The Opportunity for Intentional Design
This emotional landscape isn’t anyone’s “fault,” but it is a gap that schools are uniquely positioned to fill.
When a family departs or a friend stays behind, parents often feel a lingering sense of isolation. They watch their children navigate these transitions and hope the institution that brought them together can help navigate the fallout.
Schools don’t need to take the blame for the nature of global mobility, but they can take the lead in being more deliberate. By treating transitions as a design challenge rather than a logistical one, we move from “handling” departures to honoring them.
Designing the Goodbye
If we treated departures with the same intentionality we bring to curriculum design, our approach would shift:
Naming the Loss: While well-intentioned, “happy talks” about exciting new chapters can feel like emotional gaslighting to a child who is hurting. Intentional design means using language that acknowledges that goodbyes are hard and significant.
Closure Rituals for Kids: Adults design goodbye events for adult comfort—speeches, gifts, and photos. Children need agency; in this case, the ability to influence how their own story ends at a school. Moves are almost always “done to” children, leaving them feeling like passive cargo. Shifting this power allows them to choose the scale and style of their goodbye, moving them from being spectators of a transition to the architects of it. This might look like “friendship time capsules” or collaborative projects that remain at the school after the student leaves, ensuring their presence is still felt.
The August/September “Stayer” Check-in: We can design specific touchpoints for the students who stay. A check-in during the first few weeks of school should focus on the “Swiss cheese” holes in their social circle, acknowledging that the start of school is a social transition even if they didn’t move.
The “Stay-in-Touch” Bridge: Left to chance, these friendships often evaporate. Schools can facilitate the handoff by normalizing the exchange of contact info and supporting alumni networks that have a more intentional focus on connection. And when that bridge-building is done well, it starts to look less like a school initiative and more like a philosophy. One organization has already mapped what that philosophy looks like.
The Alumni Manifesto
[YELLOW CAR]’s Alumni Manifesto offers a framework that treats alumni engagement as a direct continuation of the student experience.
Imagine handing a graduating student a “backpack” containing eight elements they can “play” in different combinations throughout their lives.
When we design for the long term, we offer our students:
Belonging & Connection: A sense of home and a “red thread” that keeps them connected to their story.
Guidance & Mentorship: Lifelong traveling companions who offer advice when they hit a fork in the road.
Nostalgia & Celebration: Punctuation marks for their lives, remembering the milestones and the “good old days.”

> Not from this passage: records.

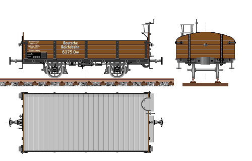 Ehemals bayerischer Hochbordwagen mit 2,7 m Achsstand und abklappbaren Seitenwänden.
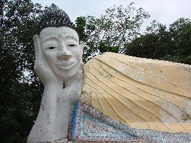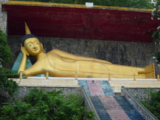 | 小さな洞窟寺院、涅槃の腕の細さと長さが異様。 |
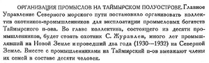 ОРГАНИЗАЦИЯ ПРОМЫСЛОВ НА ТАЙМЫРСКОМ ПОЛУОСТРОВЕ. Главное Управление Северного морского пути постановило организовать коллектив охотников-промышленников для эксплоатации промысловых богатств Таймырского п-ова. Во главе коллектива, состоящего из десяти промышленников, будет стоять охотник С. Журавлев, много лет промышлявший на Новой Земле и проведший два года (1930—1932) на Северной Земле. Вместе с промышленниками на Таймырский п-ов выезжают члены их семей в составе десяти человек.
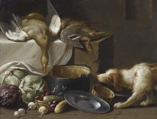 | Kitchen still life with ducks, vegetables, crockery and a dog | |
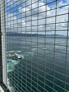 その後鳴門大橋の橋の中を歩いて、橋からうずしおを見に行きましたが、遊覧船からうずしおを見るのとは見る角度が異なり、こちらも絶景でした!

Generosity & Legacy: An open-handed way of living where they leave a mark for those who come after.
This framework transforms the school from a place they used to attend into a lifelong “home base.”
This Week’s Move
This is a great opportunity for some internal research. Start by identifying a “Long-Term Stayer”—a student who has watched multiple cohorts of friends depart. As keepers of your school’s memory, they offer unique insight into the emotional weight of social turnover. Then:
The One-Question Interview: Ask: “When your friends leave, what do you wish the school did?”
Active Listening: Avoid the urge to “fix” or explain. Document the raw feedback.
Agenda Item: Place this feedback at the top of the next Senior Leadership Team meeting to serve as the catalyst for a “Transitions-Care” protocol.
The children who stay can tell us exactly what is broken. We just need to be deliberate enough to ask.